Other researchers have proposed that growing pains are sometimes the result of underlying anatomical problems or differences. Double-jointed kids, who are at a heightened risk for fibromyalgia and musculoskeletal disorders, are more likely to have growing pains, for instance. So, it seems, are kids with pronated (flat) feet, which can cause muscle imbalances and fatigue. One small trial found that shoe inserts reduced the severity and frequency of kids' growing pains within three weeks. When doctors took out their shoe inserts, the pain came back in most of the kids. But it's hard to know how much we can conclude from this trial and the stretching one. The children knew they were undergoing a form of treatment, so their improvement could have been in part the result of the placebo effect (which can, it seems, happen to kids) — they may have felt better because they were being treated, but not necessarily because the treatment worked.

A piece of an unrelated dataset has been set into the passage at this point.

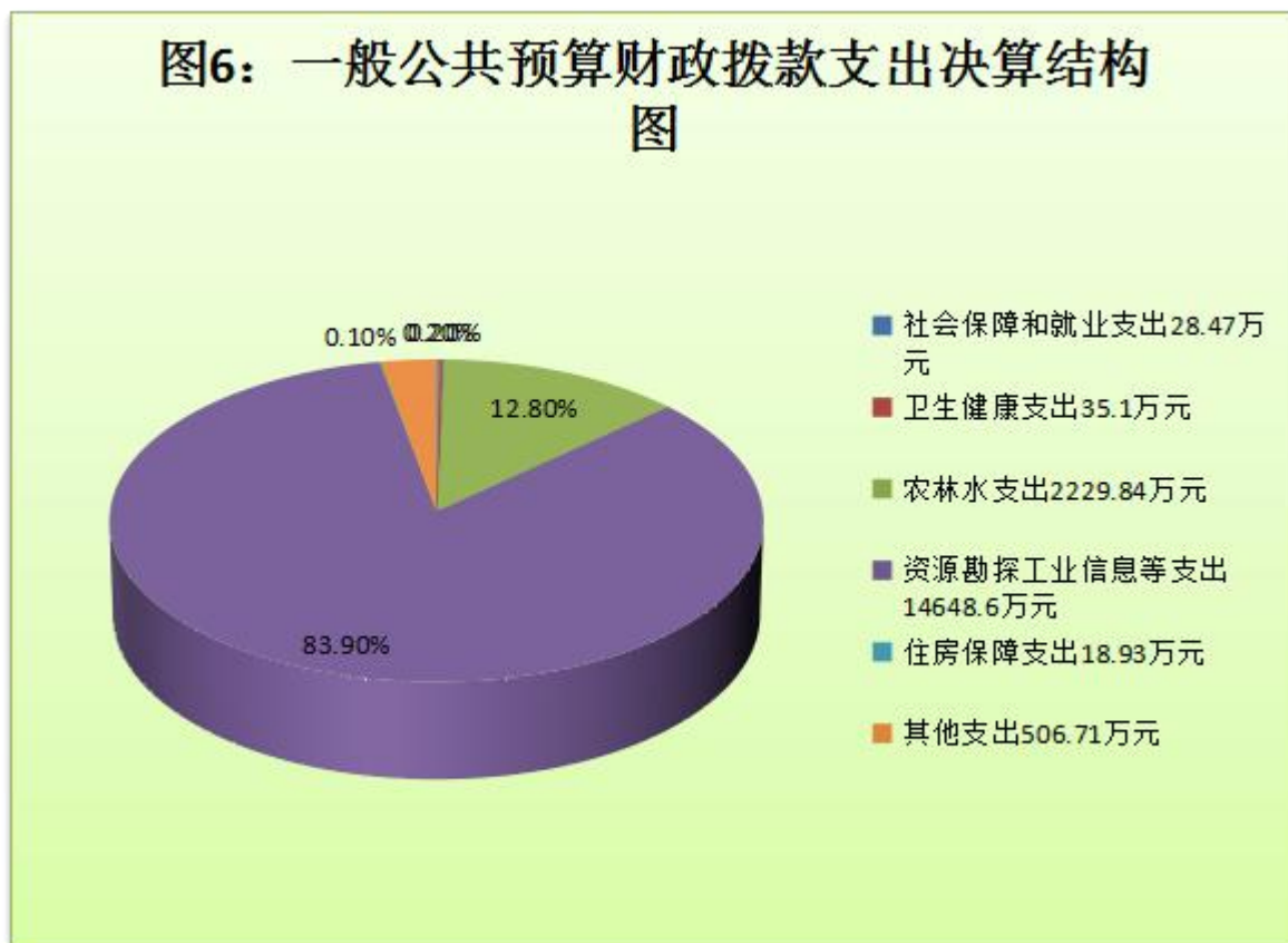
(图6：一般公共预算财政拨款支出决算结构)

万元，占0%；援助其他地区支出0万元，占0%；自然资源海洋气象等支出0万元，占0%；住房保障支出18.93万元，占0.1%；粮油物资储备支出0万元，占0%；国有资本经营预算支出0万元，占0%；灾害防治及应急管理支出0万元，占0%；其他支出506.71万元，占2.9%；债务还本支出0万元，占0%；债务付息支出0万元，占0%；抗疫特别国债安排的支出0万元，占0%。

Finally, some doctors have pointed out that growing pains are, for some reason, more common in emotionally instable children. In a 1951 paper, for instance, researchers noted that kids with growing pains were "frequently irritable, nervous, afraid of the dark." The implication seems to be that growing pains are either a reflection of emotional problems or perhaps even caused by them, but it's hard to identify the chicken and the egg here: I would be nervous and afraid of the dark, too, if nightfall brought extreme pain.